The Creative Retail Awards 2025 and the superpower of the store

Last week, I joined many of retail and design’s biggest names for this year’s Creative Retail Awards in London.

I’m not going to list all of the winners (because the list is here) or even my specific favourites. What I can say is that deciding on a winner for each category was clearly a tough job (so I’m glad it was our Head of Trends Jack Stratten who was on the judging panel rather than me).

In a world where retail design seems to be going all in on premiumisation by way of minimalism and beige, it’s nice to be reminded about all of the creative retail spaces that exist as well.

It’s also not a case of form over function. These aren’t designs that are just wacky or interesting or different for the sake of it. They are the results of teams who know a brand and their customer really well.

More than that though, every nominee was a reminder of what the superpower of the store actually is.

Full immersion

From the beautiful Emerald Theatre setting to the range of cabaret-style entertainment, the Creative Retail Awards themselves are a microcosm of what’s great about physical retail.

Too many industry awards are bland – dare I say, boring – events which feel largely indistinguishable from each other. But, as I watched a man balance a stack of chairs on champagne bottles and sit on top, I felt fully immersed in this world for the night.

And judging by the number of people who stayed after the awards to fill up the dancefloor, this was an environment that people weren’t in a rush to leave.

The best physical retail stores are exactly the same – they immerse you in a world and create an environment that you want to be in.

That superpower is something that digital retail can’t touch.

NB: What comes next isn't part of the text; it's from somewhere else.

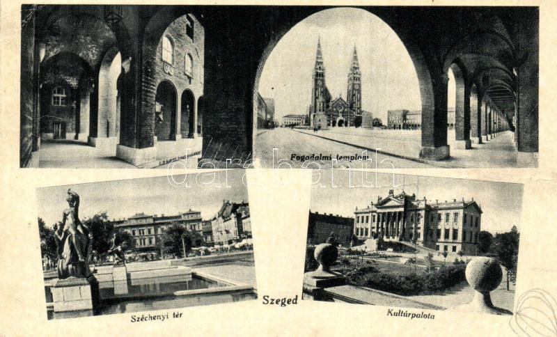 Szeged, Fogadalmi templom, Széchenyi tér, Kultúrpalota (b) https://www.darabanth.com/hu/253-Gyorsarveres/253.0/Varoskepes-lapok-es-kepeslap-tetelek/Magyarorszag~5/Szeged-Fogadalmi-templom-Szechenyi-ter-Kulturpalota-b~II1230934

Physical retail shouldn’t try to emulate e-commerce

Websites – by and large – are all the same in terms of look and feel. Strip out the branding and individual products and you’d struggle to tell one from another.

This is the result of endless optimisation over years – constant tweaking to improve user experience and smooth out any rough edges where a customer might potentially trip and drop off.

Everyone is looking at the same data metrics and adapting to push a tiny percentage improvement. And this approach makes sense given that at any moment customers can just bounce to a competitor.

The problem is that physical retail seems to be going down the same path – optimising based on data and adopting a minimalist approach that often ends up flattening everything. But there’s no need for stores to follow such rigid design parameters, because a store isn’t a website.

The store is a place of entertainment and inspiration, not just a sales journey. It’s ok for it to have a bit of personality, if only to remind consumers that your company has such a thing when they’re sitting and scrolling through page after page of near-identical online results.

You don’t immerse someone in your world or tell them your story or make them feel something by making the in-store experience an ever-faster process of getting the customer to the checkout. Because at that point, they might as well just buy online.

The store has to offer more because it has the power to offer more. It has the power to excite and interest and be different.

Win or lose, all the nominees at this year’s Creative Retail Awards embody that. Long may it continue.